Despite the unclear nature of Tale’s words, the room eats it up, nodding all around. June feels the stretch of missing time now more than ever, for Tale would have needed it to gather that many supporters.
The old veteran grunts. “Her Entrusted will be a problem,” he says. “They are giant bipedal rhinoceros beetles. One is a weapons expert, and the other is a phalanx on legs. At least one of them is by her side at all times. The Decree does not protect them, but their devotion to the Second Signature is Written. They will die before they disobey her.”
June considers his words. “Why won’t we see them both?” It hasn’t occurred to her until now.
The old man’s nod is slow. “This is pure conjecture, but I believe it is because at least one must always guard something.”
June studies the ceiling. What could that be?
The comment earns whispers across the table and a knowing stare from Tale. He looks straight at June, raises an eyebrow, and the question becomes clear. Care to find out what that is?
That, and more. There is still the matter of those five years, which vanished when June learned from the Second Signature how long she had been away. How could such a relapse happen to anyone?

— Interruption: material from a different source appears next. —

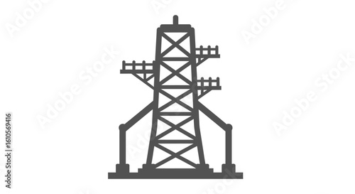 Monochromatic grey silhouette of an industrial launch tower or oil derrick with a lattice structure.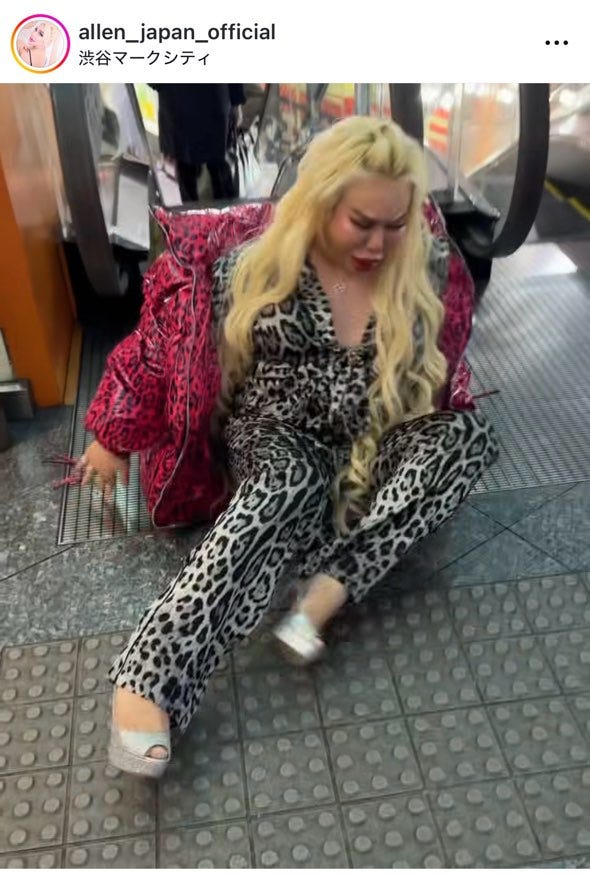 アレン様、渋谷駅降臨 エスカレーターから“ズッコケ”動画公開に「降り方がアクロバティック」「お茶目ビューティー」の声

“What will we need?” asks the conspirator with the frilled mustache while looking between Tale and June.
Tale opens his mouth to answer, but June speaks first. “Explosives. The foundation is built of stone. Fire starters, too. The most potent we can find. Burn all those plants.” Perhaps these requirements are enough of a hint of the First Signature’s whereabouts. She will let the men draw their conclusions so long as they don’t run in and compromise the operation for everyone.
“What about a fire seed?” asks the bubbling baby.
“Stupid question,” says the old man. “Burn the whole enclosure? No. Vesh’Foktle and the Smatter have those on lockdown.”
The points slip as they delve into the logistics of administering a counter-offensive against the First Signature and, by extension, the Second. They discuss training efforts, meeting points, briberies, merchants to hire, people to assassinate should it be necessary, and all the while, June listens with half an ear, her head full of ghostly thoughts, full of the dying, full of fingernails scraping on stone, her Thurmgeist’s cheeks melding to the skin of the krab thing. They are all gone, aren’t they? Nothing but raw ground and maligned flesh on Hyrnlak now, and the soulless, turned husks that wander in a fate worse than death.
I am making a difference here, she thinks, assuring their ghosts. Yet even she can’t shake those haunting questions—five years unaccounted for, and no one knows the truth.
She will have to find out for herself.